◆ **Task to complete**
If an entry holds a picture, leave that picture out. Give everything else again exactly.

Records shown: Begin

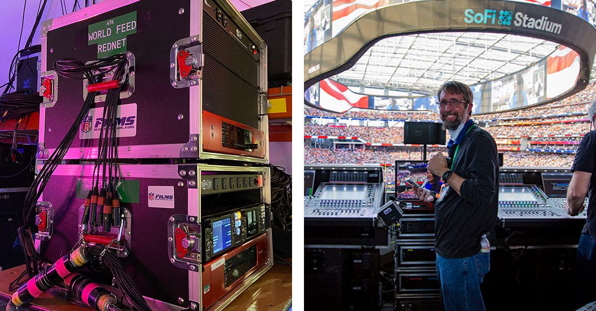 “For the past seven Super Bowls, we've employed RedNet with our Dante Audio-over IP network," stated Kirk Powell, Engineer-in-Charge for ATK/Clair at Super Bowl LVI. “We started using RedNet years ago on a small scale, and then it's just grown and grown year after year. This year was just over the top, because we have to feed signal to so many different entities throughout the stadium, not to mention that we were being fed signal as well, so we've got to have connectivity back and forth. It's all about having strategically placed nodes so you can jump into and out of the RedNet system. We have a huge fiber backbone. We used mostly the SoFi Stadium's fiber, which is very nice because that's one of the big advantages of this venue. This new facility has tons and tons of dark fiber, so we're able to utilize the building infrastructure as opposed to running all of our own fiber. And RedNet is the key component that gives us that interconnectivity and flexibility."
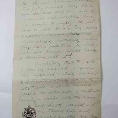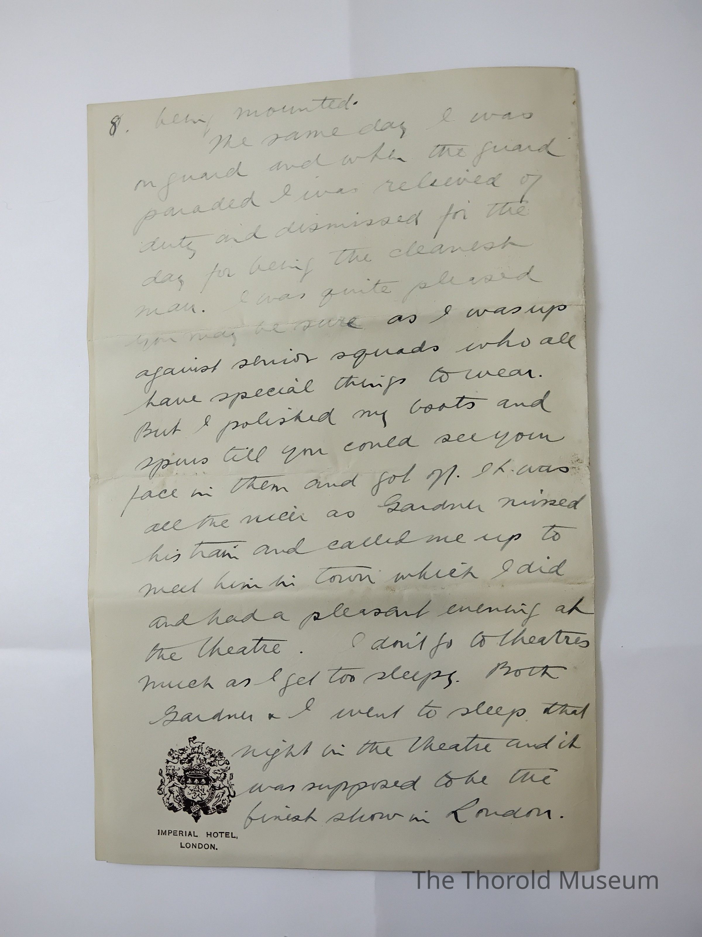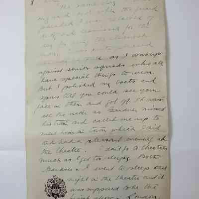 The same day I was on guard and when the guard paraded I was relieved of duty and dismissed for the day for being the cleanest man. I was quite pleased you may be [????] As I was up against [??????] Squads who all have special things to wear, but I polished my boots and [?????] Till you could see your face I them and got [???]. It was all the nicer as Sanduer [?????] His [????] And called me up to [?????] Him his [????] Which I did and had a pleasent evening at the theatre. I dont go to theatres much as I get too [?]leeps. Both Sanduer and I went to sleep that night in the theatre and it was supposed to be the [???????] Show in London.
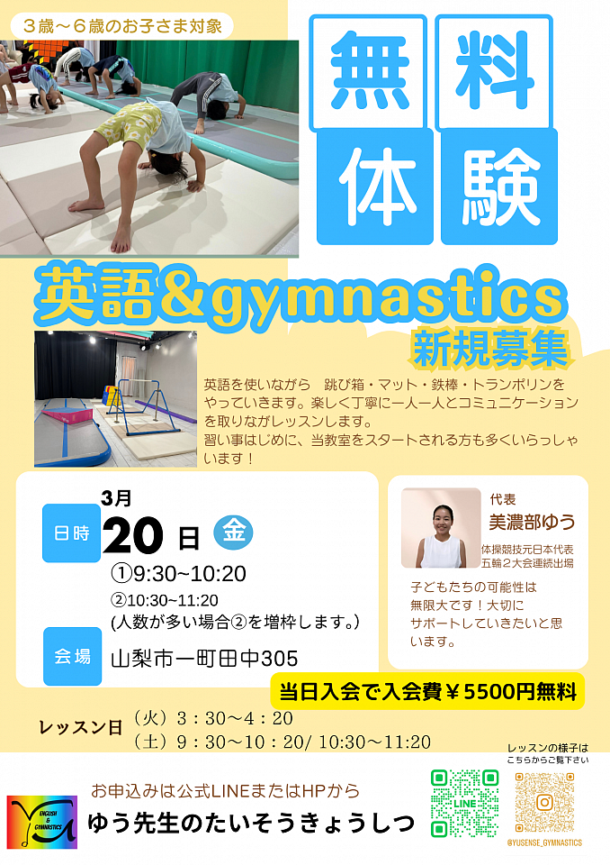 [英語&Gymnastics]では4月からのお友達を募集致します。
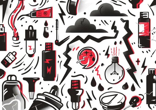 Abstract doodle art with eyes and objects. A monochromatic doodle art style image, featuring eyes, light bulbs, syringes, and various abstract shapes
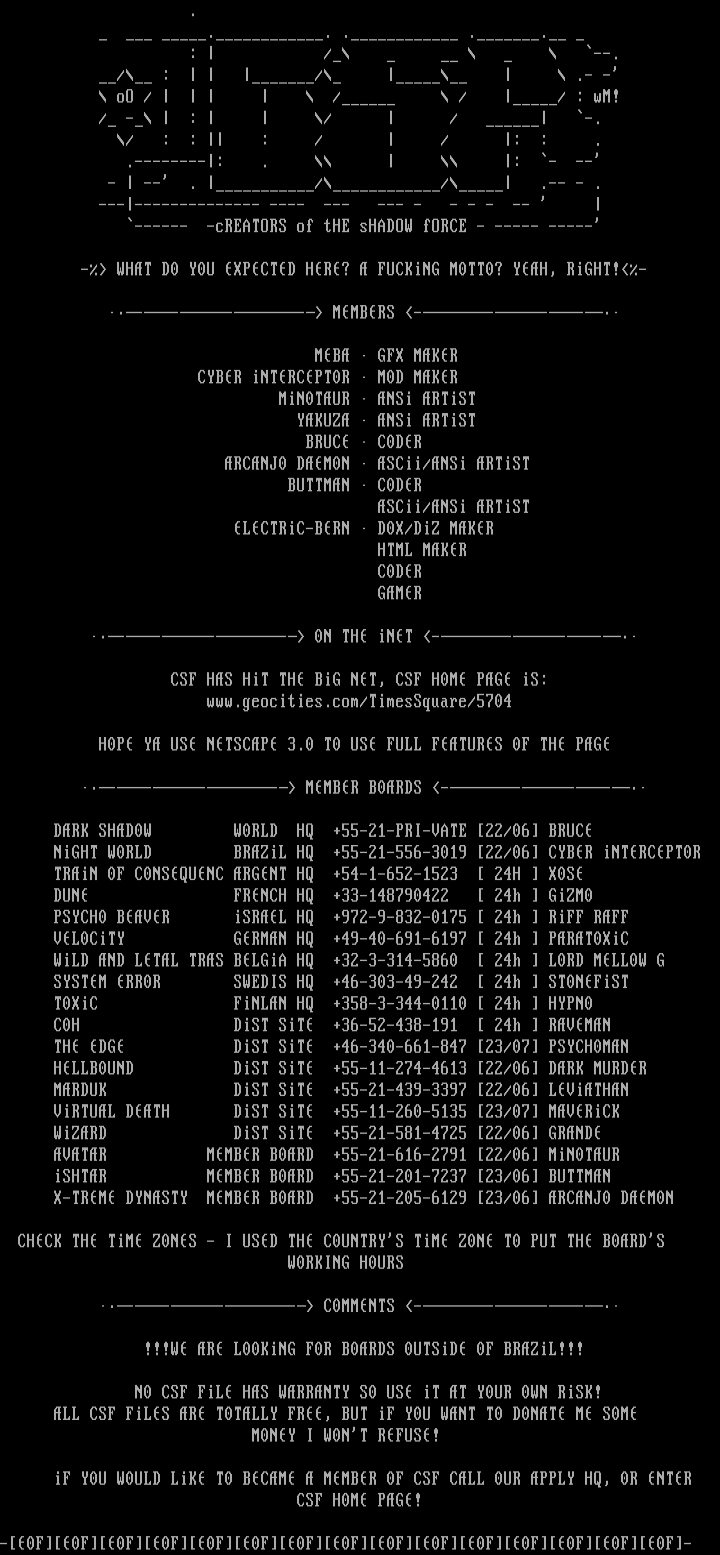 ------ -cREATORS of tHE sHADOW fORCE - ----- -----

Records shown: End

◆ **Exercise response**
 “For the past seven Super Bowls, we've employed RedNet with our Dante Audio-over IP network," stated Kirk Powell, Engineer-in-Charge for ATK/Clair at Super Bowl LVI. “We started using RedNet years ago on a small scale, and then it's just grown and grown year after year. This year was just over the top, because we have to feed signal to so many different entities throughout the stadium, not to mention that we were being fed signal as well, so we've got to have connectivity back and forth. It's all about having strategically placed nodes so you can jump into and out of the RedNet system. We have a huge fiber backbone. We used mostly the SoFi Stadium's fiber, which is very nice because that's one of the big advantages of this venue. This new facility has tons and tons of dark fiber, so we're able to utilize the building infrastructure as opposed to running all of our own fiber. And RedNet is the key component that gives us that interconnectivity and flexibility."
 The same day I was on guard and when the guard paraded I was relieved of duty and dismissed for the day for being the cleanest man. I was quite pleased you may be [????] As I was up against [??????] Squads who all have special things to wear, but I polished my boots and [?????] Till you could see your face I them and got [???]. It was all the nicer as Sanduer [?????] His [????] And called me up to [?????] Him his [????] Which I did and had a pleasent evening at the theatre. I dont go to theatres much as I get too [?]leeps. Both Sanduer and I went to sleep that night in the theatre and it was supposed to be the [???????] Show in London.
 [英語&Gymnastics]では4月からのお友達を募集致します。
 Abstract doodle art with eyes and objects. A monochromatic doodle art style image, featuring eyes, light bulbs, syringes, and various abstract shapes
 ------ -cREATORS of tHE sHADOW fORCE - ----- -----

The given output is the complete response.